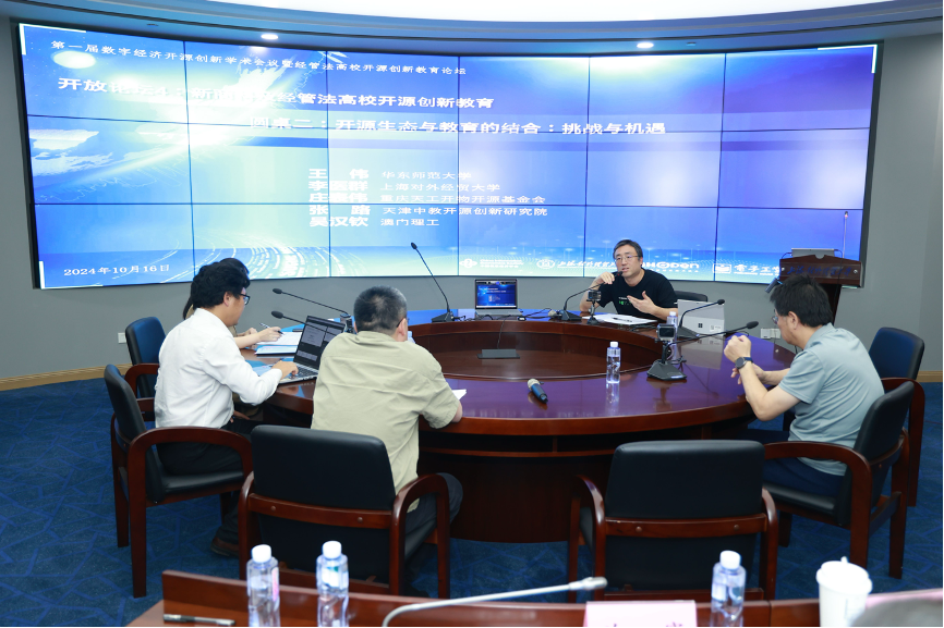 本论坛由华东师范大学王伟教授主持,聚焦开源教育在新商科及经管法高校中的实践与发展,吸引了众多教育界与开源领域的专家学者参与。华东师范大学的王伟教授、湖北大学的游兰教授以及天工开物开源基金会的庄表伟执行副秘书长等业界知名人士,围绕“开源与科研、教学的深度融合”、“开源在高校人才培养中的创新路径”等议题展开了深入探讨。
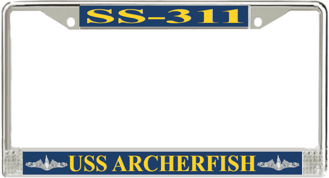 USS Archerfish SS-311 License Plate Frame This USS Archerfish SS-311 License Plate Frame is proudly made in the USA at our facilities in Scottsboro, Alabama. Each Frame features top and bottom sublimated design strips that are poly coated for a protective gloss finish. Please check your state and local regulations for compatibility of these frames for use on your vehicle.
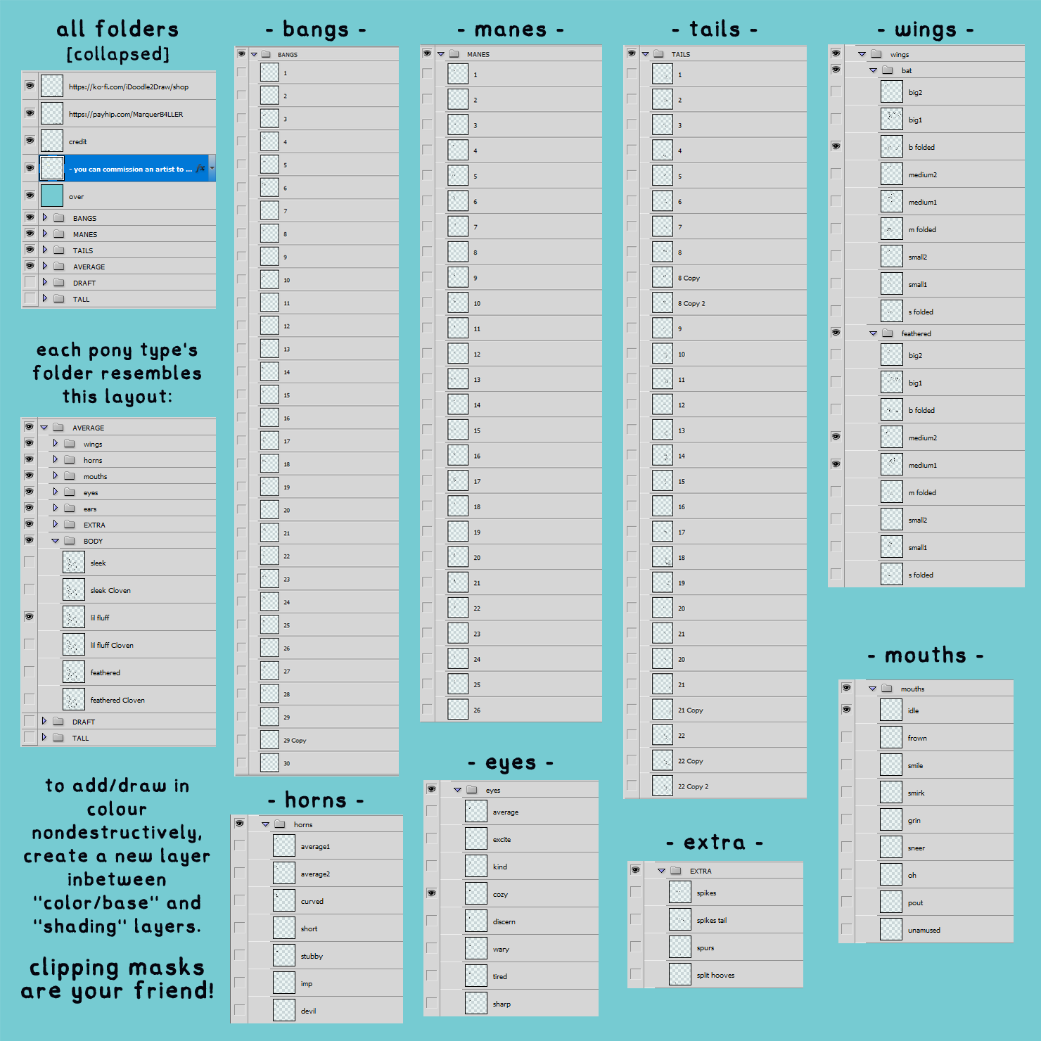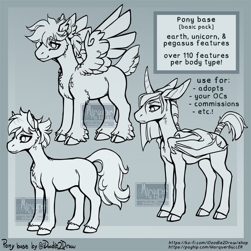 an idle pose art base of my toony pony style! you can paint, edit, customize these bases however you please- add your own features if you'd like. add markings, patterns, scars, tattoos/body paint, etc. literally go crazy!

= = = = =

The expected answer is the listing above, duplicated exactly, with its pictures removed.

 本论坛由华东师范大学王伟教授主持,聚焦开源教育在新商科及经管法高校中的实践与发展,吸引了众多教育界与开源领域的专家学者参与。华东师范大学的王伟教授、湖北大学的游兰教授以及天工开物开源基金会的庄表伟执行副秘书长等业界知名人士,围绕“开源与科研、教学的深度融合”、“开源在高校人才培养中的创新路径”等议题展开了深入探讨。
 USS Archerfish SS-311 License Plate Frame This USS Archerfish SS-311 License Plate Frame is proudly made in the USA at our facilities in Scottsboro, Alabama. Each Frame features top and bottom sublimated design strips that are poly coated for a protective gloss finish. Please check your state and local regulations for compatibility of these frames for use on your vehicle.
 an idle pose art base of my toony pony style! you can paint, edit, customize these bases however you please- add your own features if you'd like. add markings, patterns, scars, tattoos/body paint, etc. literally go crazy!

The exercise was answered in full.